◆ Work instruction
Scan the material for the word "moderno" and copy each line where it occurs.
━━━
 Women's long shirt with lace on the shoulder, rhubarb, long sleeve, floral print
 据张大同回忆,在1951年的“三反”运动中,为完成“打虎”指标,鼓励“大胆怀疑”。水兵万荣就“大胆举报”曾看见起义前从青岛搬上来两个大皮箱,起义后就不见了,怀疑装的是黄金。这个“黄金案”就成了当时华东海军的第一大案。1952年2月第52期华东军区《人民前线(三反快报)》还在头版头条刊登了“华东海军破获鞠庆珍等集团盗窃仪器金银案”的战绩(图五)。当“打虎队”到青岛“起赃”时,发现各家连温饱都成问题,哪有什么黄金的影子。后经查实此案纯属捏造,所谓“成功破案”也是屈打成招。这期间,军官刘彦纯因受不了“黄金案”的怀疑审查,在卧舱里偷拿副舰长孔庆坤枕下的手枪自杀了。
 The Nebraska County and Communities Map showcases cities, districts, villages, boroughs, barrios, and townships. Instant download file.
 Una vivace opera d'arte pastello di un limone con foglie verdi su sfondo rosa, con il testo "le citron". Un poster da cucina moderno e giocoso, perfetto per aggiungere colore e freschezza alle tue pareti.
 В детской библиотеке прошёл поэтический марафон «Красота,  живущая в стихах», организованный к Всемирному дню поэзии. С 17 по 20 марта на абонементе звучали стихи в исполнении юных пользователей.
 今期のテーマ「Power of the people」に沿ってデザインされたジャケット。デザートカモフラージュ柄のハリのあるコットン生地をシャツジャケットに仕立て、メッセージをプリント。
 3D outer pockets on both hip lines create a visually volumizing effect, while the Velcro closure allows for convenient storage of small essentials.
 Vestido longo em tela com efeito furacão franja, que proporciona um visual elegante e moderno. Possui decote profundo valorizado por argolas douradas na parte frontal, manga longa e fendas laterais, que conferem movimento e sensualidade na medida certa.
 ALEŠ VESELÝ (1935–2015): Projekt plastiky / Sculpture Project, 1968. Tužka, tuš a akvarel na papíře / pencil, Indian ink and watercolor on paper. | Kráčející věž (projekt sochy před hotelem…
━━━
◆ Solution for this exercise
 Una vivace opera d'arte pastello di un limone con foglie verdi su sfondo rosa, con il testo "le citron". Un poster da cucina moderno e giocoso, perfetto per aggiungere colore e freschezza alle tue pareti.
 Vestido longo em tela com efeito furacão franja, que proporciona um visual elegante e moderno. Possui decote profundo valorizado por argolas douradas na parte frontal, manga longa e fendas laterais, que conferem movimento e sensualidade na medida certa.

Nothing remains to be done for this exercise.